2023年5月1日,杰弗里·辛顿(Geoffrey Hinton)在推特上宣布离开谷歌。这位被称为“深度学习教父”的74岁老人,给出的理由不是退休,而是“想自由地谈论AI的风险”。第二天,他在纽约时报的采访里说了一句话,让整个行业都愣住了:“我有点后悔我毕生的工作。”

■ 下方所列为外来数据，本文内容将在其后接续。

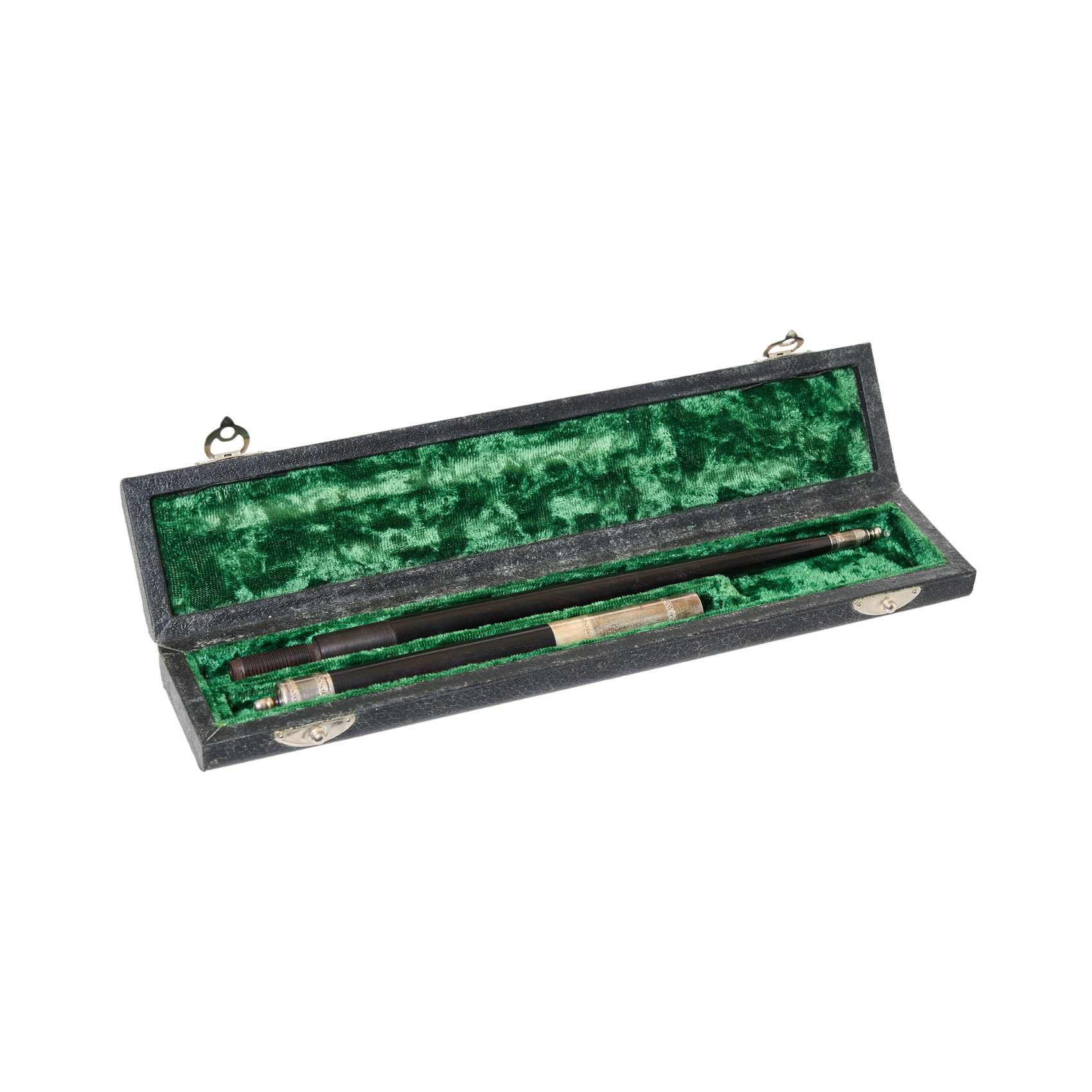 Batuta de director de orquesta en madera de ébano tallada con remates en plata punzonada. Presentada en su estuche original.

你可能想问:一个把神经网络从边缘推向主流的人,为什么在AI最火的时候突然倒戈?他不是在炒作,也不是在表演。他有一个非常具体、非常机制性的论点。理解了这个论点,你才能明白他为什么说“AI可能导致人类灭绝”不是科幻。
他怕的不是AI变成人,而是AI变成另一个物种
辛顿的恐惧,源头是他对生物智能和数字智能的对比。这个对比是他所有论断的基石。
人类大脑有860亿个神经元,每个神经元通过突触连接。学习就是调整这些连接的强度。但这个学习过程有个致命局限:每个大脑都是独立运行的。你学会骑自行车,我理解不了你的突触变化,只能通过语言、文字这种“低带宽”的方式传递经验。你10岁时的所有经历,对我来说只是故事。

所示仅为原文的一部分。